> _Available data_:

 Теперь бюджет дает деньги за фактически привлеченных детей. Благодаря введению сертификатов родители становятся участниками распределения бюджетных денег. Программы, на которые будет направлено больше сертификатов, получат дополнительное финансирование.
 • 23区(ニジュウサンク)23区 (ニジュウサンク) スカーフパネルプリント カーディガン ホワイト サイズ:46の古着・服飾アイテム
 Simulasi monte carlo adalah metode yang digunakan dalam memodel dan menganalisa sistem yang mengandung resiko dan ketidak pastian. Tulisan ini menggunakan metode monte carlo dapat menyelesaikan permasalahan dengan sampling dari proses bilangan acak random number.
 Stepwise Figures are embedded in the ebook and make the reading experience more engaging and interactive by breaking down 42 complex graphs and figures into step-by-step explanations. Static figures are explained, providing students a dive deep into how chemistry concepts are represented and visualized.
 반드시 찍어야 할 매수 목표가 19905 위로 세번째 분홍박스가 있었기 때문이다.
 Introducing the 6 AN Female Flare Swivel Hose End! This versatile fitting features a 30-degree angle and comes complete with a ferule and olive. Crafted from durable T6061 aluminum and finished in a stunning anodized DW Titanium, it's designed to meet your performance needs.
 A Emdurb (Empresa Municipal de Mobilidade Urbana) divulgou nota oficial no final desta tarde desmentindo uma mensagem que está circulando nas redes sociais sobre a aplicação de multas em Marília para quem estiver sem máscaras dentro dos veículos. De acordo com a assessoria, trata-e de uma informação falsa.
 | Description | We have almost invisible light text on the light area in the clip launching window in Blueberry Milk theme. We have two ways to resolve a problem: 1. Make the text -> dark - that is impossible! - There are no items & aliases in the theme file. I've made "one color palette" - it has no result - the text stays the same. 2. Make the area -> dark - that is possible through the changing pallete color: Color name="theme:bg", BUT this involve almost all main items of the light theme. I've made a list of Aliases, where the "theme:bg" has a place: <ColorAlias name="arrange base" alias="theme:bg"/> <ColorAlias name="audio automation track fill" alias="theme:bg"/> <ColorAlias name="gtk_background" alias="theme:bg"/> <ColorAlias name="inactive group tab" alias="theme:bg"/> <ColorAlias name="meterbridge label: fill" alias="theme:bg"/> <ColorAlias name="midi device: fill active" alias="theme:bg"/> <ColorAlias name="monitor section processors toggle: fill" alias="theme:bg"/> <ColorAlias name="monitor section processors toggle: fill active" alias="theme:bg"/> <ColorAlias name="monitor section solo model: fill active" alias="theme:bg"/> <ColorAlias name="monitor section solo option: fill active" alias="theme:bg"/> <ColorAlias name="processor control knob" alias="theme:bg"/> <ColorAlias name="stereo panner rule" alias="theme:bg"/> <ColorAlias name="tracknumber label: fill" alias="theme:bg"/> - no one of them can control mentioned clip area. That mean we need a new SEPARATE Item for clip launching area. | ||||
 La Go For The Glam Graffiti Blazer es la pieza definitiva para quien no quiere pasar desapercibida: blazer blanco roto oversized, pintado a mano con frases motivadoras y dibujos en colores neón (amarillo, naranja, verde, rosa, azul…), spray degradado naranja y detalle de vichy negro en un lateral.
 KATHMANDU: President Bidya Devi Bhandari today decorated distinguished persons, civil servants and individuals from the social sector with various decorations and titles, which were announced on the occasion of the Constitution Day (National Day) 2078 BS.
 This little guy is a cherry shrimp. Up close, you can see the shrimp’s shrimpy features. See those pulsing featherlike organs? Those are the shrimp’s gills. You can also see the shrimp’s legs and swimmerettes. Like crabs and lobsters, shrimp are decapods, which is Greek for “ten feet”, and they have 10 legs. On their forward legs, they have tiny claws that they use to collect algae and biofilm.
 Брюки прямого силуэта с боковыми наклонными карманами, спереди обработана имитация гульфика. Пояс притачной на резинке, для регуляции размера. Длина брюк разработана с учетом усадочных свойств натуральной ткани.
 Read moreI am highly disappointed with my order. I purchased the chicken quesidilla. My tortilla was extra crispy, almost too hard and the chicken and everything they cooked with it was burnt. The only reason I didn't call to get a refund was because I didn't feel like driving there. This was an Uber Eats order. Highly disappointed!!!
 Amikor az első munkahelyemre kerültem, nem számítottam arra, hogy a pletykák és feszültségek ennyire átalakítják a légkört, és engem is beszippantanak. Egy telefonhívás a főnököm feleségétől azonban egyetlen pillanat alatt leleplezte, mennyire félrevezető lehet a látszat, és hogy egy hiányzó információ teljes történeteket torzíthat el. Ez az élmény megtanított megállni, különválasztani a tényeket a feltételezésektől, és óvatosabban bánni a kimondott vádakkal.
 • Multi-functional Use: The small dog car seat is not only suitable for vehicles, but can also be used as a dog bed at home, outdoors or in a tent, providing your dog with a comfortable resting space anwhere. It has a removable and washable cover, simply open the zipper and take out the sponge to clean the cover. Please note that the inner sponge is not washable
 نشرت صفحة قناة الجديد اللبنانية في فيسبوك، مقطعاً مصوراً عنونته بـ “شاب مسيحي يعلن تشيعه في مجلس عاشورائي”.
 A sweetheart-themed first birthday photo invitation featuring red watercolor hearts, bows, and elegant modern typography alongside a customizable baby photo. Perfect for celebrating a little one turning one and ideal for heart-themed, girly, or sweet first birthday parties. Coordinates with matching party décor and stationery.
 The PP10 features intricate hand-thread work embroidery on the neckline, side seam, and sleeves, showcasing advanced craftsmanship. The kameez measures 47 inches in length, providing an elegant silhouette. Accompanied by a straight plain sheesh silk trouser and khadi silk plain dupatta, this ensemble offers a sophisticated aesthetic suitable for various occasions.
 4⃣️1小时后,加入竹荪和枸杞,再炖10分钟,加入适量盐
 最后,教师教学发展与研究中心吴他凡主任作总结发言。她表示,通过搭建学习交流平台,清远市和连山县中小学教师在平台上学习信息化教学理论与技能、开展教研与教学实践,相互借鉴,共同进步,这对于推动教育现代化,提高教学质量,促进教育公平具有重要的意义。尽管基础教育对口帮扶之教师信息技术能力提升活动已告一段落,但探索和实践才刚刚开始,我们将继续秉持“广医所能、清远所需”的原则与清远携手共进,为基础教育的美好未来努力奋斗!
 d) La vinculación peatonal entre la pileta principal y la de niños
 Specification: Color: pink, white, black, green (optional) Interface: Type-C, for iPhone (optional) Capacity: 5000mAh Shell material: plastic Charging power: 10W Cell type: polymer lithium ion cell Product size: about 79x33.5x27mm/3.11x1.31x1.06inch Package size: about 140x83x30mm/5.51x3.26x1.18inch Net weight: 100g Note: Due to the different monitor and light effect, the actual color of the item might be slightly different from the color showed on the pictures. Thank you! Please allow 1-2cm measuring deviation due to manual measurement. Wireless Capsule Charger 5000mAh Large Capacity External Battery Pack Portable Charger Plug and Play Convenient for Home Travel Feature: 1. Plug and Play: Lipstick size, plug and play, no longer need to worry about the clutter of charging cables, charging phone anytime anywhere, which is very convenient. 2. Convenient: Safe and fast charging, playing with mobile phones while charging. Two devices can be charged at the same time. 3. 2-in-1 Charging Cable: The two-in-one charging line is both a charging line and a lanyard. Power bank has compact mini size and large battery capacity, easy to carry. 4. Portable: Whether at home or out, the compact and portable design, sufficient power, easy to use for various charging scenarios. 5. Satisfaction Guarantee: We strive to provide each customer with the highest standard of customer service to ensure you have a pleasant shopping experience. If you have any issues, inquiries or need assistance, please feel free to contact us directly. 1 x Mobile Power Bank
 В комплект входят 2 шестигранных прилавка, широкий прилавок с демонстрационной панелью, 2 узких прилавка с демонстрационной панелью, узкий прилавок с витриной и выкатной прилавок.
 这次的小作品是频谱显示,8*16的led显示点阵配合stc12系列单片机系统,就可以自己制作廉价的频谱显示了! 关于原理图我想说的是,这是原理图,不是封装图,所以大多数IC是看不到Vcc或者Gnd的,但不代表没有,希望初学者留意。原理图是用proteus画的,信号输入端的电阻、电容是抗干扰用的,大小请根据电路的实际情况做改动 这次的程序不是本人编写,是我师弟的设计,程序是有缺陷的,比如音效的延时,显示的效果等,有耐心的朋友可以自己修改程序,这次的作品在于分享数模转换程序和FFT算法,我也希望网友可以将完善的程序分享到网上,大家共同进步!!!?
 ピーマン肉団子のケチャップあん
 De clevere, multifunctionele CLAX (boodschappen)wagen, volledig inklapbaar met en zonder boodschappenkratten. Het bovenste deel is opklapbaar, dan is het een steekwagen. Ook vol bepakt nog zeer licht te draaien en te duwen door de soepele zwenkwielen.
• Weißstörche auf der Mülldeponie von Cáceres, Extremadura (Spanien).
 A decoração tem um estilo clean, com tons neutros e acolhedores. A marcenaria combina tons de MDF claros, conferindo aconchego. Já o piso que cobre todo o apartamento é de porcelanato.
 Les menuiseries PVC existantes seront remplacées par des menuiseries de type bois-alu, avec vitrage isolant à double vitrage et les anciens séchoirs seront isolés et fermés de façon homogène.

> _Work request_: After locating the line that contains "カーディガン ホワイト サイズ:46の古着・服飾アイテム", please copy exactly every line from the start of the records through it, and nothing else.

> _Response for this exercise_:
 Теперь бюджет дает деньги за фактически привлеченных детей. Благодаря введению сертификатов родители становятся участниками распределения бюджетных денег. Программы, на которые будет направлено больше сертификатов, получат дополнительное финансирование.
 • 23区(ニジュウサンク)23区 (ニジュウサンク) スカーフパネルプリント カーディガン ホワイト サイズ:46の古着・服飾アイテム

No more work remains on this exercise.